Vargas has also painted major murals for organizations engaged in food justice and health care, including Project Angel Food, the AIDS Healthcare Foundation's Food for Health program, St. Jude Children's Research Hospital, and Children's Hospital Los Angeles. Actor and activist Edward James Olmos has praised Vargas's work, saying that he "brings a deep humanity to everything he does, anywhere in the world."

==Philanthropy and community work==
Vargas has contributed artwork and participated in fundraising initiatives for organizations focused on food access and health equity. He has worked with Project Angel Food, a Los Angeles-based nonprofit that delivers medically tailored meals to individuals facing serious illnesses. He has also supported the AIDS Healthcare Foundation's Food for Health program, which addresses food insecurity for people living with HIV/AIDS.

Following the Eaton Fire, Vargas assisted with recovery efforts by creating art to support displaced families and participating in community relief activities in the affected Los Angeles County areas. He has supported St. Jude Children's Research Hospital and Children's Hospital Los Angeles through art donations and participation in charity events.

==Honors==
In 2021, the Los Angeles City Council proclaimed September 8 as Robert Vargas Day in the City of Los Angeles.

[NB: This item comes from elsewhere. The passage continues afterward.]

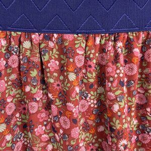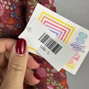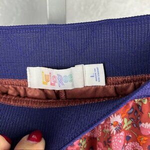 This LuLaRoe Lola A-line Skirt in size Large (14/16) features a floral pattern in brown, green, and purple colors. This midi-length skirt has an elastic waist for comfort and convenience. Suitable for various occasions such as travel, weddings, parties, casual outings, and business events, this skirt is made from polyester material and is machine washable. The A-line style and layered accents add a touch of charm to this versatile and stylish piece by LuLaRoe. Perfect for the summer, fall, and spring seasons.
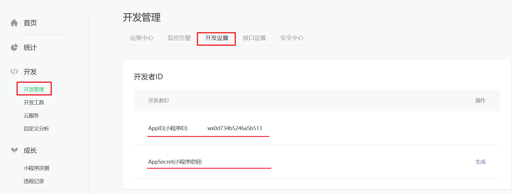 在微信公众后台,单击左侧开发标签,选择 “开发管理”,在新的页面中点击 “开发设置”,就可以看到开发者 ID 信息。请妥善保管你的小程序 ID 和小程序密钥,在后续的开发中会经常使用到,获取位置见下图:

In 2022, the City Council designated an intersection in Boyle Heights as Robert Vargas Square in recognition of his contributions to Los Angeles art.

In 2024, Vargas received an honorary Doctor of Humane Letters from Art Center College of Design and delivered the commencement address at the college's spring graduation. That same year, he received the Excellence in the Arts Award from the Mexican American Legal Defense and Educational Fund (MALDEF).

In 2026, the Los Angeles County Board of Supervisors proclaimed January 24 as Robert Vargas Day in Los Angeles County.